I will open my heart time and time again. With every word of love, I add a twist of elephant skin. I know the consequences and pain that can be inflicted when I share the love that I feel. I'd like to say that I am prepared for any reaction but it is never true. My skin has grown thick and difficult to penetrate but my heart is always vulnerable. I know what love is; I know that my heart cannot be protected. It is designed to break so I can learn how much love I am capable of giving. A large heart is always prone to pain and suffering. When broken into pieces it can love through a small section. We can choose to love through a single beat, rather than risk a heart that is whole. To love through a single piece would be so much easier. However, if my heart is incomplete, then so am I. Lessened by my inability to give myself completely, I would be a fraction of who I am now.

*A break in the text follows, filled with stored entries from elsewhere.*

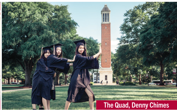
The Quad, Denny Chimes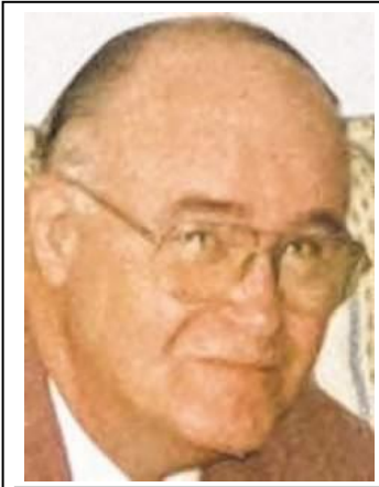
Eggers Obit Photo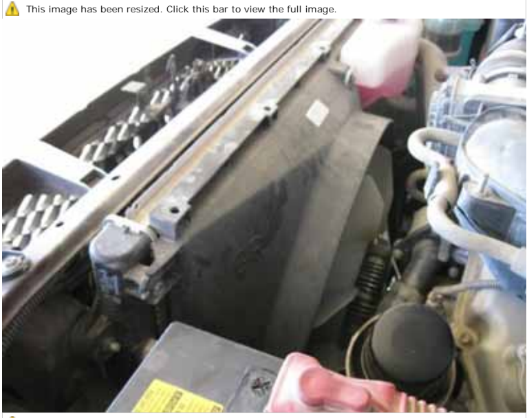
🦍 This image has been resized. Click this bar to view the full image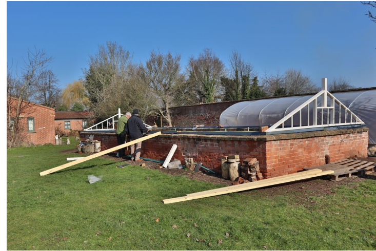
Cucumber frame progressing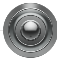
STUD Ø17,5 mm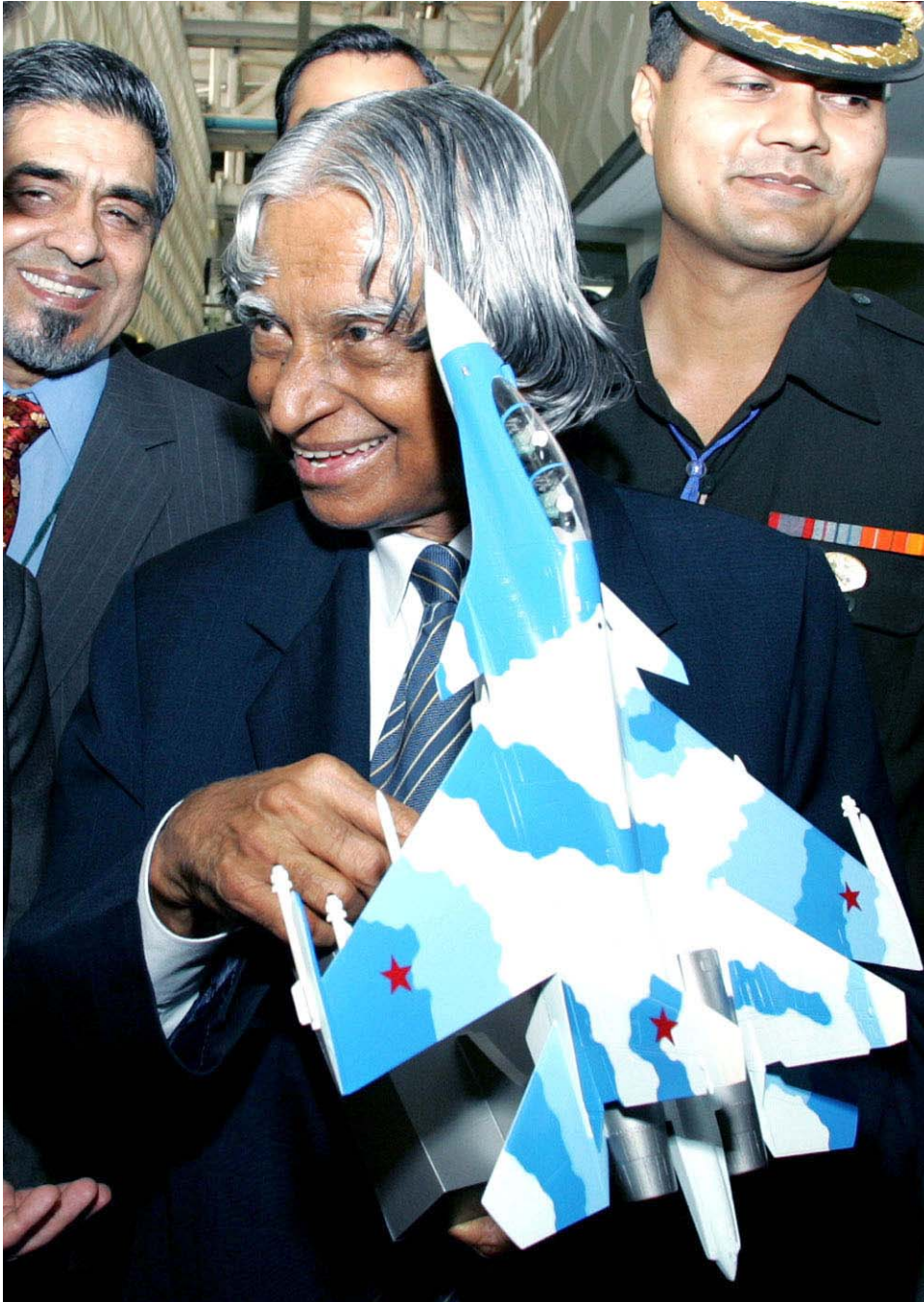
The President, Dr. A.P.J Abdul Kalam with a model of the latest Sukhoi Aircraft presented to him while on a visit to the Sukhoi Design Bureau, in Moscow on May 23, 2005.

I look at my heart and it is still whole, despite its experiences of attempted mutilation. My heart is strong and I have no desire for it to change. It can experience pain and suffering but I will not allow it to break. I like the person who I am when my heart is whole. I feel proud that I will not compromise my feelings and risk hurting another. My heart will not break and it will not change. I am whole and that is important. I believe that it is a good aim in life to be the best that you can be. It is something that allows space for all of your strengths and weaknesses. I would measure success by how much love I am capable of giving. I don't see how it could be understood in any other way. Everything is pushed into insignificance when measured against the importance of love. You need to ask how much love you are capable of giving because the answer will reveal how much love you can be. Sometimes we need others to break our hearts so we can have an excuse for not risking a heart that is whole and complete. In reality, other people cannot break your heart. They cannot shatter the core of your being; your heart is a part of you. It can only be broken from within.
I no longer wish to play this game where my heart is attacked and then I allow it to break in order to minimize the pain. Give me all that you have, every cruel word and thoughtless act. I will not change who I am. Aim for my heart and attempt to break it because you do not have that power. I may cry and become filled with sorrow. At times the pain may feel all-consuming. I will allow myself to experience it without it changing who I am.